Modern businesses collect more data than ever, creating a pressing demand for powerful data analysis tools and skilled data analysts. In fact, data analysis is now a valuable skill in almost every professional industry.

The field of data analysis can be overwhelming at first. Still, it’s easier to understand with the right tools — particularly Python. Python is a flexible programming language that’s valuable for learning (and becoming adept at) data analysis.

What Is Data Analysis?


Data analysis involves collecting, standardizing, transforming, and interpreting data to surface actionable insights that drive business value. Additionally, data analysis is part of data science and is therefore the foundation of many AI and ML workflows. Python is one of the most powerful and widely used tools for data analysis.

How Is Python Used in Data Analysis?


Python’s versatility and powerful libraries make it an excellent fit for data analysis tasks, from simple statistical tests to complex machine learning models and big data processing. Python is excellent for data analysis because it:

  • Is easy to learn. 
  • Is the most popular programming language. 
  • Can handle large datasets efficiently. 
  • Provides libraries with pre-built functions and tools that simplify data analysis tasks. 
  • Is widely supported by open-source libraries and a large user community.

Python is well-suited for the following data analysis tasks:

  • Data cleaning and preprocessing: Python’s data manipulation libraries provide essential tools for preparing datasets for analysis. When working with a customer database that contains duplicate entries, missing values, and inconsistent date formats, these libraries can quickly identify and remove duplicates, fill in missing data using intelligent methods, and standardize date formats across the entire dataset. This process, which might take hours manually, can often be accomplished in minutes with just a few lines of code. 
  • Statistical analysis: Libraries focused on statistical operations are ideal for assessing relationships between variables. For example, they can help determine whether an observed correlation indicates a meaningful trend or is merely coincidental.
  • Data visualization: Visualization libraries make it easy to create insightful graphics that represent data effectively. For instance, a trend forecaster in real estate could use these tools to build an interactive dashboard illustrating changes in housing prices, complete with moving averages. Such visual representations help analysts uncover patterns and trends that might not be evident from raw numbers alone. 
  • Machine learning and predictive modeling: Libraries designed for machine learning streamline the process of building predictive models. For example, a healthcare provider could leverage these tools to create a statistical model forecasting the likelihood of patient readmission based on various factors like age, medical history, and current symptoms.  
  • Big data processing: Python’s compatibility with big data technologies enables efficient analysis of large datasets. A data engineer in an e-commerce company could utilize these capabilities to analyze billions of customer transactions, identify purchasing patterns, and generate product recommendations. This type of analysis, which would be impractical with traditional tools, becomes manageable with Python’s big data functionalities.

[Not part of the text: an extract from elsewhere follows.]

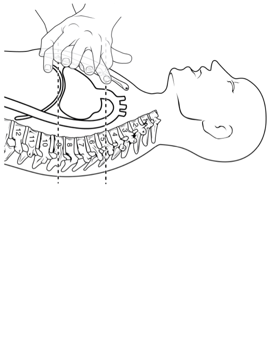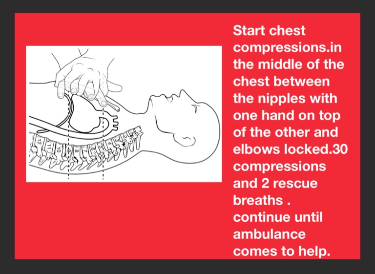 Start chest compressions.in the middle of the chest between the nipples with one hand on top of the other and elbows locked.30 compressions and 2 rescue breaths .

Data Analysis Process in Python


Data analysis with Python (or any programming language) includes the following steps.

Defining the Question

Before approaching the data, clearly define the question you want to answer. For example, “What factors have had the biggest impact on our customer retention during the past 12 months?” Having a clear question in mind at the beginning of your process helps to guide and sharpen your analysis.

Collecting Data

Python has various methods for data collection. Web scraping is a popular technique for gathering data from websites; libraries such as Beautiful Soup or Scrapy make this process straightforward. You can use SQL with libraries (such as SQLAlchemy) to query and retrieve data. The Requests HTTP library is helpful for making HTTP API requests and handling responses.

Reading and Preparing Data

Before you can transform and analyze data, you need to make sure it’s “clean” — meaning it is free from missing or duplicate values, improper formatting, or other irregularities. The pandas library is proficient at reading data and can consume various file formats, including CSV, Excel, JSON. With pandas, commonly used functions for reading data include `read_csv()` and `read_excel()`. The `read_json()` function is widely used to create DataFrames (two-dimensional labeled data structures).


During data preparation, you can detect missing values using pandas functions such as `isnull()` to identify missing data and `dropna()` or `fillna()` to handle them. Removing duplicate data points is another common task, easily completed with the `drop_duplicates()` function.

Analyzing Data

Different Python libraries serve different functions of data analysis. You can find ample information and examples online about analyzing data with Python libraries (like this certification course on Python fundamentals, or this lesson on using pandas for data analysis).

The following Python libraries are most widely used for data analysis.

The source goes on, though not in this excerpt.